-- About this exercise --
Lines from the one with "Pero, aunque no" to the end of the material, both included: print them exactly and print nothing else. Omit the pictures.

[Start of section]

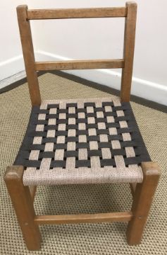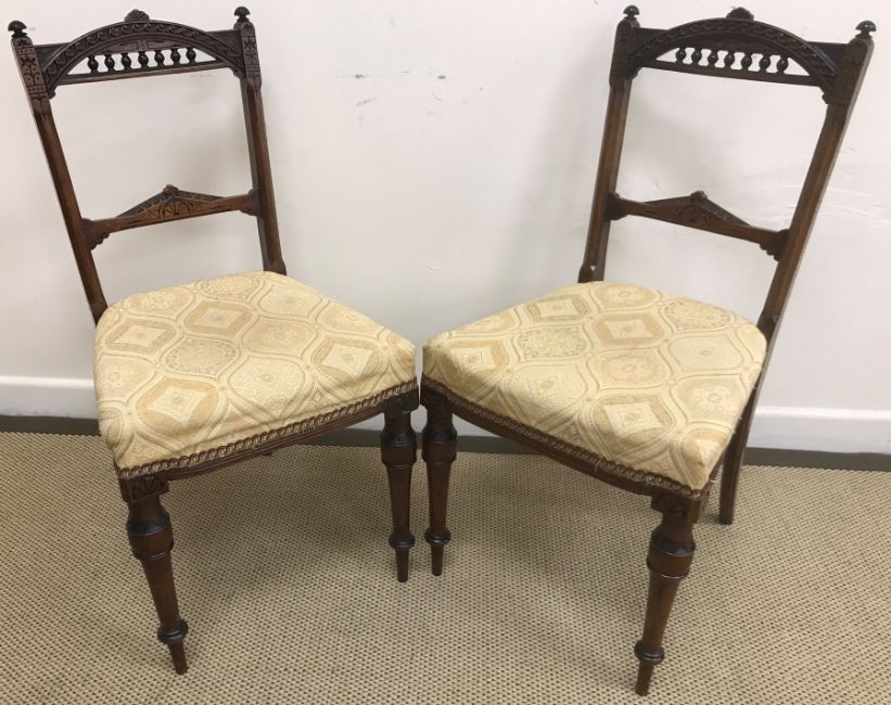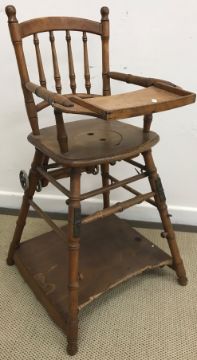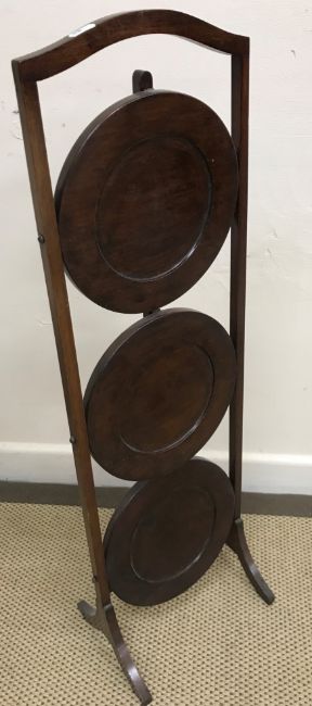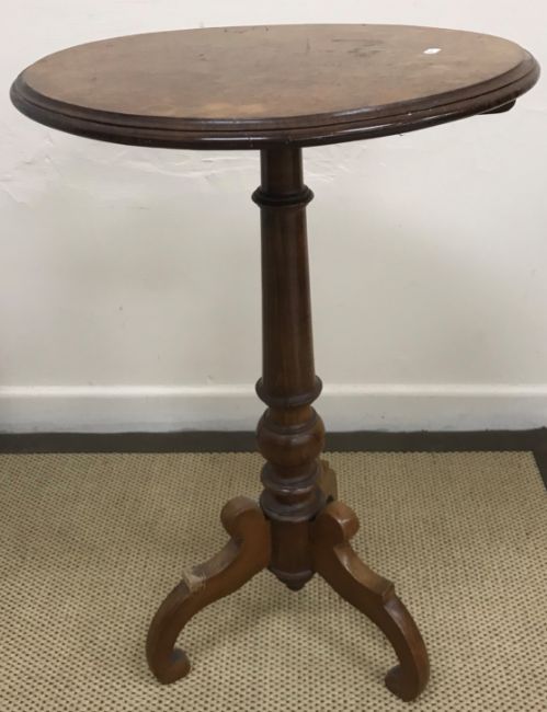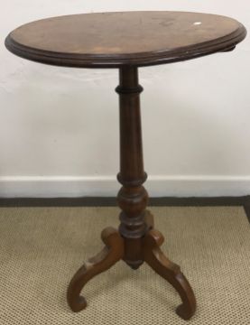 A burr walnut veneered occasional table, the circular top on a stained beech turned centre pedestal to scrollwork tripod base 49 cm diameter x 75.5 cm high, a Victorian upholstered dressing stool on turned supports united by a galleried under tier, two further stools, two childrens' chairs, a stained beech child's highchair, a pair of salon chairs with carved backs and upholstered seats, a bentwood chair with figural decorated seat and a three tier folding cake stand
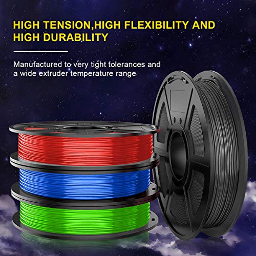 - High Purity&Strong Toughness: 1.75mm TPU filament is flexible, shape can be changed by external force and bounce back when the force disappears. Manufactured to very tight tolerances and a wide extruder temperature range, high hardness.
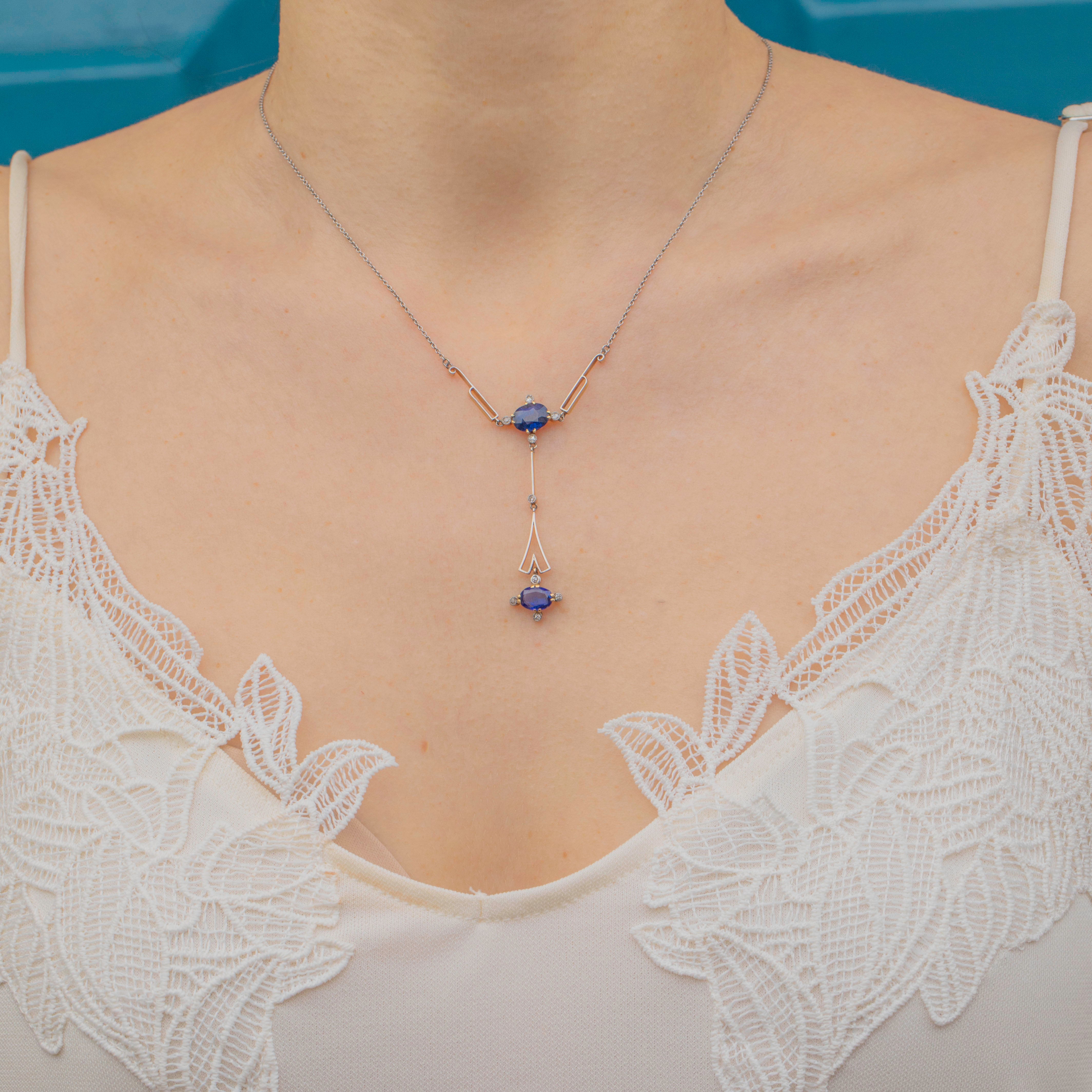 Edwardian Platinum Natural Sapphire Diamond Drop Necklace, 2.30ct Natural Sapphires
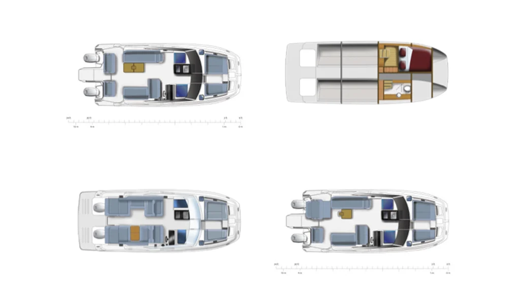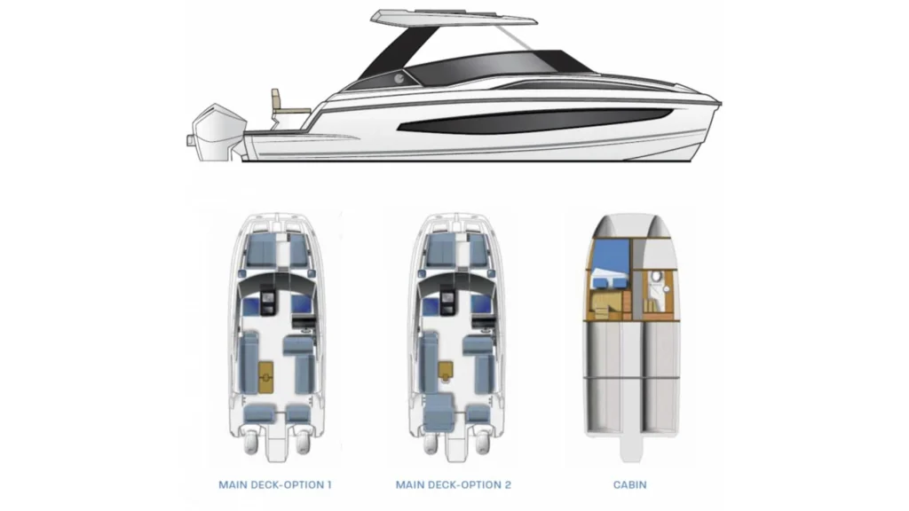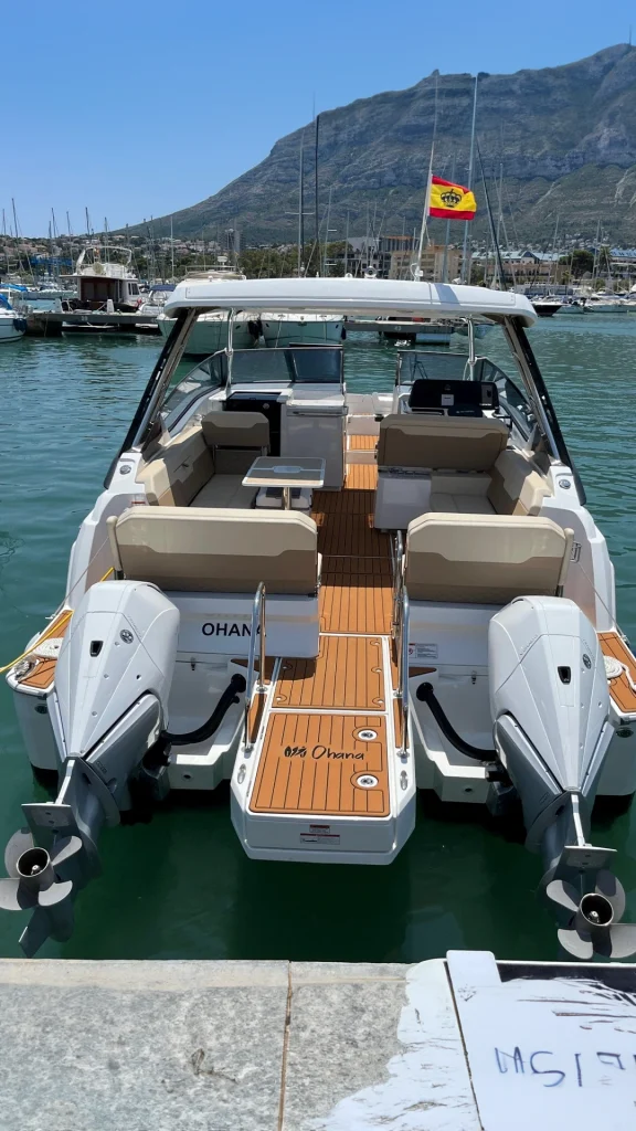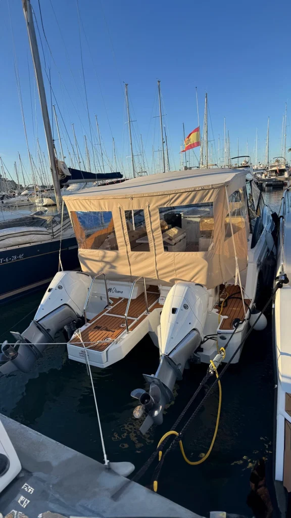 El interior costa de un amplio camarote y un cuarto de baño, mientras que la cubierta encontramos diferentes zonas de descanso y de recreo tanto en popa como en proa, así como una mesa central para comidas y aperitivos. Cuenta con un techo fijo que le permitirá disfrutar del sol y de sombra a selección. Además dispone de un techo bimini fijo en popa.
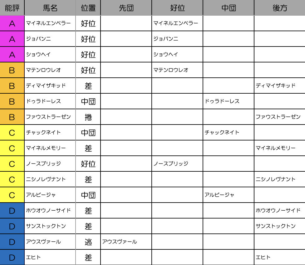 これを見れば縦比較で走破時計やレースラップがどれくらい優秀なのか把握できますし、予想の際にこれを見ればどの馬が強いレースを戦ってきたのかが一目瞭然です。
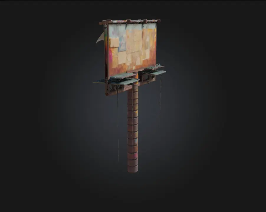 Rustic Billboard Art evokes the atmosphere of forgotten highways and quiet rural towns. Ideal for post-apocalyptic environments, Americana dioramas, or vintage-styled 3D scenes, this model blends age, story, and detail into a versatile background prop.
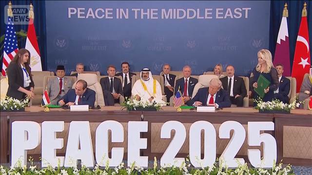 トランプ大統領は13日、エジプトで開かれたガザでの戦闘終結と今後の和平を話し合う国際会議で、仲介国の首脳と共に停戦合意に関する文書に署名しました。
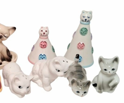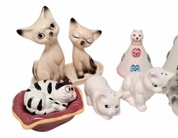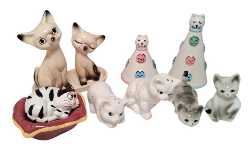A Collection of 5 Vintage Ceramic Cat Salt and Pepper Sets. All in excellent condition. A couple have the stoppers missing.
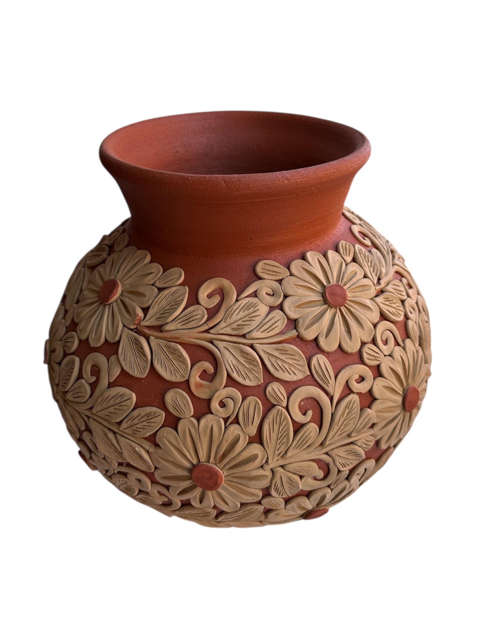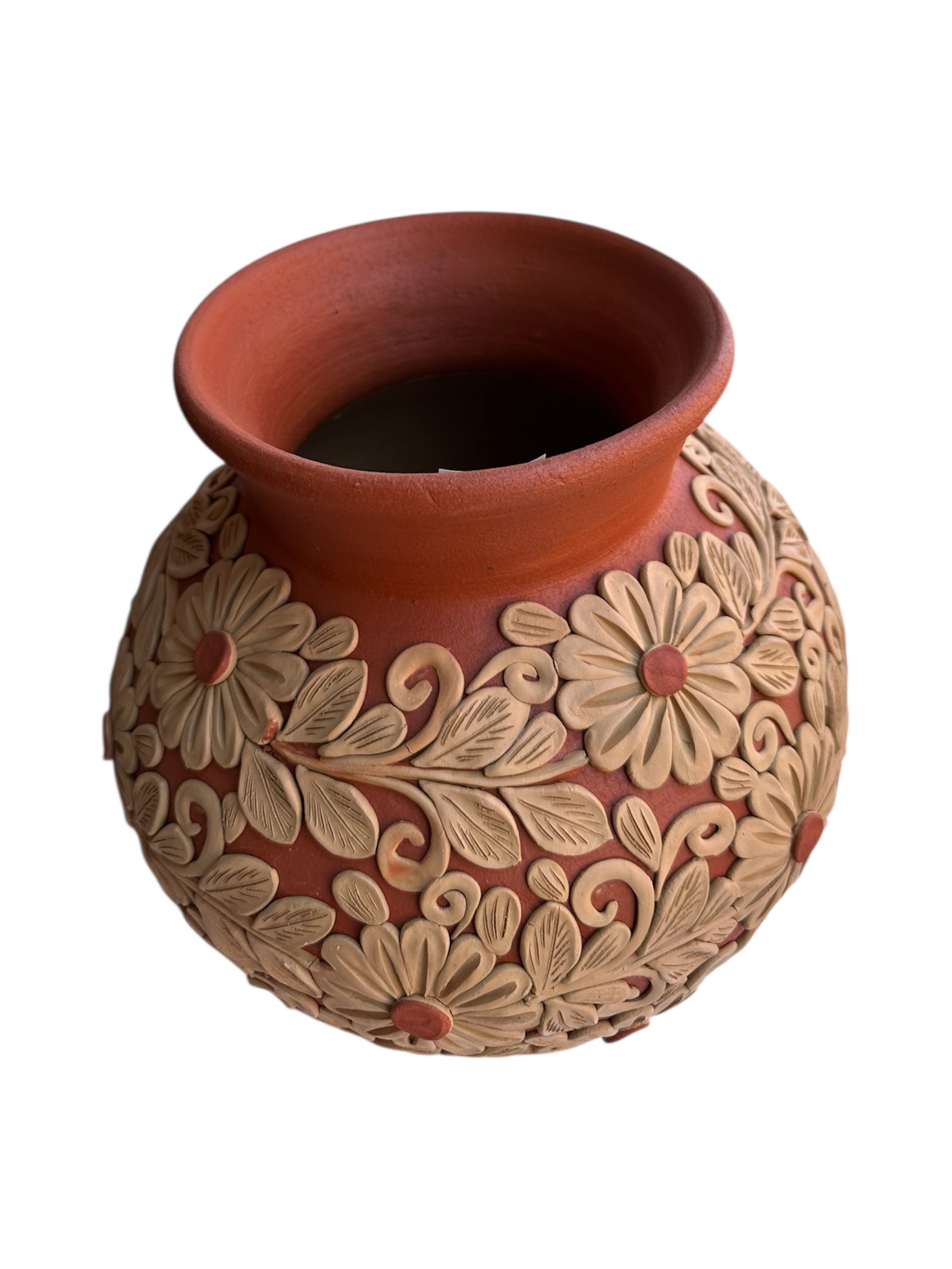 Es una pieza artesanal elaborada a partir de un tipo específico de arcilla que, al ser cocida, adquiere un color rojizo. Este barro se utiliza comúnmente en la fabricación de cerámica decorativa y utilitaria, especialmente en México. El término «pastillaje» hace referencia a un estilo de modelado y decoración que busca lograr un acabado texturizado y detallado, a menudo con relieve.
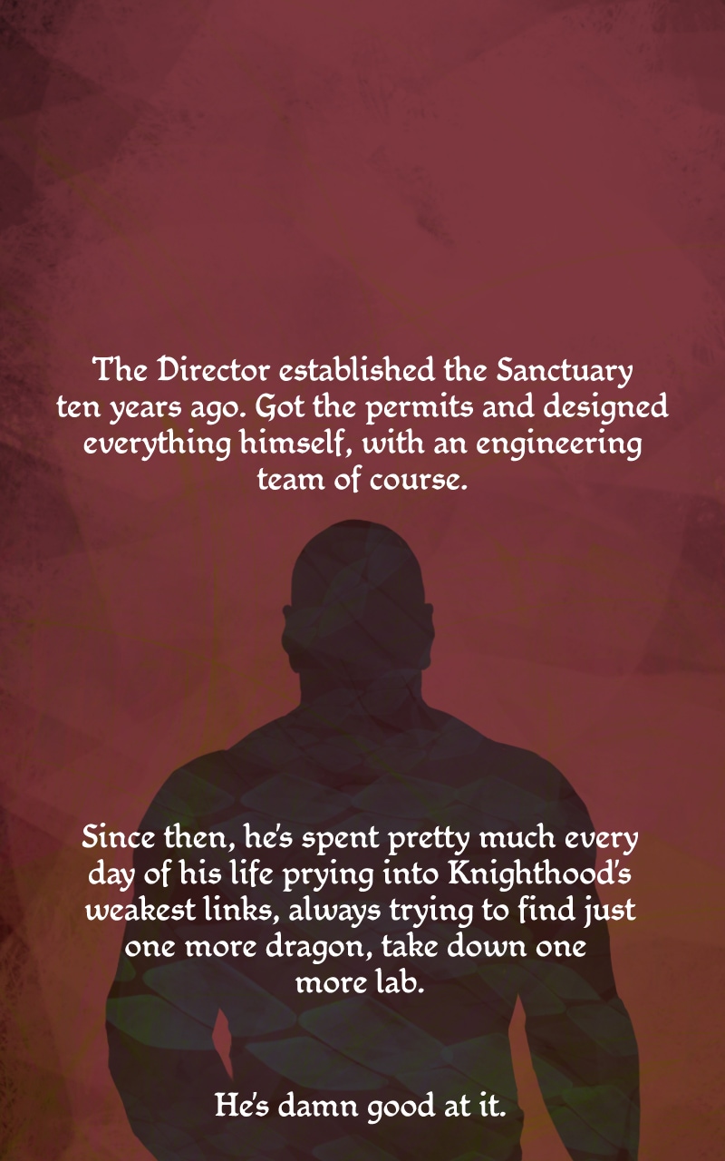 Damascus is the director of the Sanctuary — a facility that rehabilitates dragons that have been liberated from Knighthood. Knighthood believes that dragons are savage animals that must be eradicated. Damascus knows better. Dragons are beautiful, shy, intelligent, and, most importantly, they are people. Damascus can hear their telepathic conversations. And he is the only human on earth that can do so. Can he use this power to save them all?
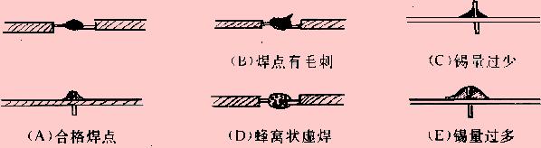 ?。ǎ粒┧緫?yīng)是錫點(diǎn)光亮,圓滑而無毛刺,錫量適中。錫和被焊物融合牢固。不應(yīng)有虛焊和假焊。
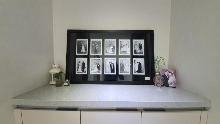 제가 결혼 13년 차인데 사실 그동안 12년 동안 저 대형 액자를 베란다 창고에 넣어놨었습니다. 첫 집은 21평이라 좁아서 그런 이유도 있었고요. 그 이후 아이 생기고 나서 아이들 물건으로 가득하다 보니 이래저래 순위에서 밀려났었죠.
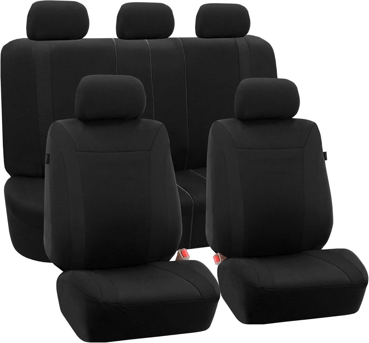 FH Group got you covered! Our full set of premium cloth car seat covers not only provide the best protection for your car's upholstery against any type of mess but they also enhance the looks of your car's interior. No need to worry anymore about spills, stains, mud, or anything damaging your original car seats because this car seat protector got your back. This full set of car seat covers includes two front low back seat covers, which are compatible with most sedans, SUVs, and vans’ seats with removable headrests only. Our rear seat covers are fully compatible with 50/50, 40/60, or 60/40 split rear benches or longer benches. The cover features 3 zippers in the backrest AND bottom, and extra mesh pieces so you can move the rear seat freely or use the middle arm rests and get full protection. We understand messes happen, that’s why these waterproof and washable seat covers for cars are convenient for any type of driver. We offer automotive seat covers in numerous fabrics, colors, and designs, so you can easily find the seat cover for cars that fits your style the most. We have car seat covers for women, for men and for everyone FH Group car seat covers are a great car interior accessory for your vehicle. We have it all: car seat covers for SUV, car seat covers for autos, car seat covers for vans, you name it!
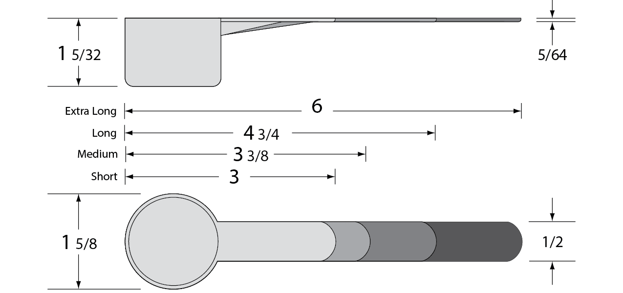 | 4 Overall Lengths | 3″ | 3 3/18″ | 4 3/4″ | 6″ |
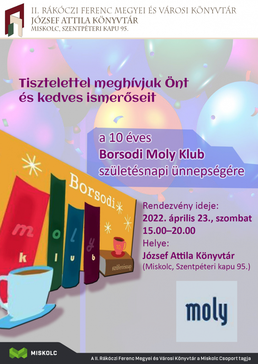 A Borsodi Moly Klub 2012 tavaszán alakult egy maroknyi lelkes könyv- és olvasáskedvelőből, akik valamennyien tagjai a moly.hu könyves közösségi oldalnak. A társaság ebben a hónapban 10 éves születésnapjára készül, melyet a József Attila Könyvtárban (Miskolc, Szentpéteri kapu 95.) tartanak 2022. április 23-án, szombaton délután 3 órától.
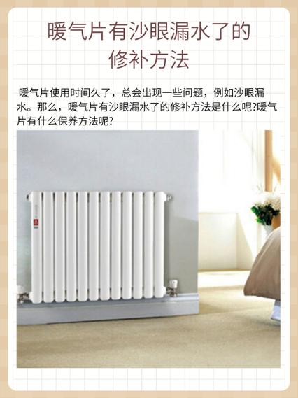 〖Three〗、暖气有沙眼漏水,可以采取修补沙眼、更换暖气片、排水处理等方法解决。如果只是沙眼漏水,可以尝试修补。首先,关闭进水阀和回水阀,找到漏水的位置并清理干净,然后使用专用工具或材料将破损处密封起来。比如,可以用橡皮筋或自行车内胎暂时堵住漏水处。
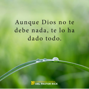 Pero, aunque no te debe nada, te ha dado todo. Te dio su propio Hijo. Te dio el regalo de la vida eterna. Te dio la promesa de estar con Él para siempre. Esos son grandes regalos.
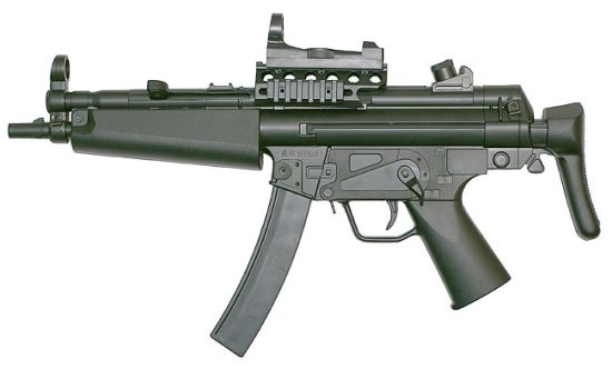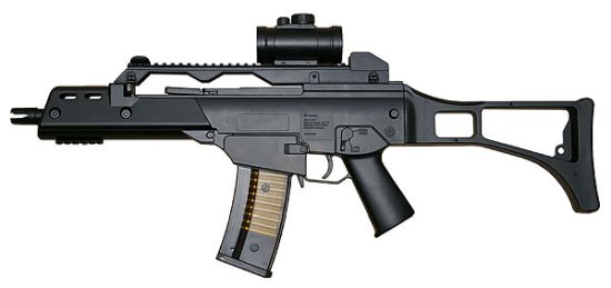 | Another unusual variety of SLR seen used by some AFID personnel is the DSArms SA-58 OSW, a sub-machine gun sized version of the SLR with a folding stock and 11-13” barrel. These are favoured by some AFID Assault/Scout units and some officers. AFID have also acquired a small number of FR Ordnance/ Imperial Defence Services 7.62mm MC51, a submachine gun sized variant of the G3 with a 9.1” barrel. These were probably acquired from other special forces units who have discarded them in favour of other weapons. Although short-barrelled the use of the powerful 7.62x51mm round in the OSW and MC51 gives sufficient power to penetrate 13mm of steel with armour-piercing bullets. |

[End of section]

-- Answer to the problem --
 Pero, aunque no te debe nada, te ha dado todo. Te dio su propio Hijo. Te dio el regalo de la vida eterna. Te dio la promesa de estar con Él para siempre. Esos son grandes regalos.
 | Another unusual variety of SLR seen used by some AFID personnel is the DSArms SA-58 OSW, a sub-machine gun sized version of the SLR with a folding stock and 11-13” barrel. These are favoured by some AFID Assault/Scout units and some officers. AFID have also acquired a small number of FR Ordnance/ Imperial Defence Services 7.62mm MC51, a submachine gun sized variant of the G3 with a 9.1” barrel. These were probably acquired from other special forces units who have discarded them in favour of other weapons. Although short-barrelled the use of the powerful 7.62x51mm round in the OSW and MC51 gives sufficient power to penetrate 13mm of steel with armour-piercing bullets. |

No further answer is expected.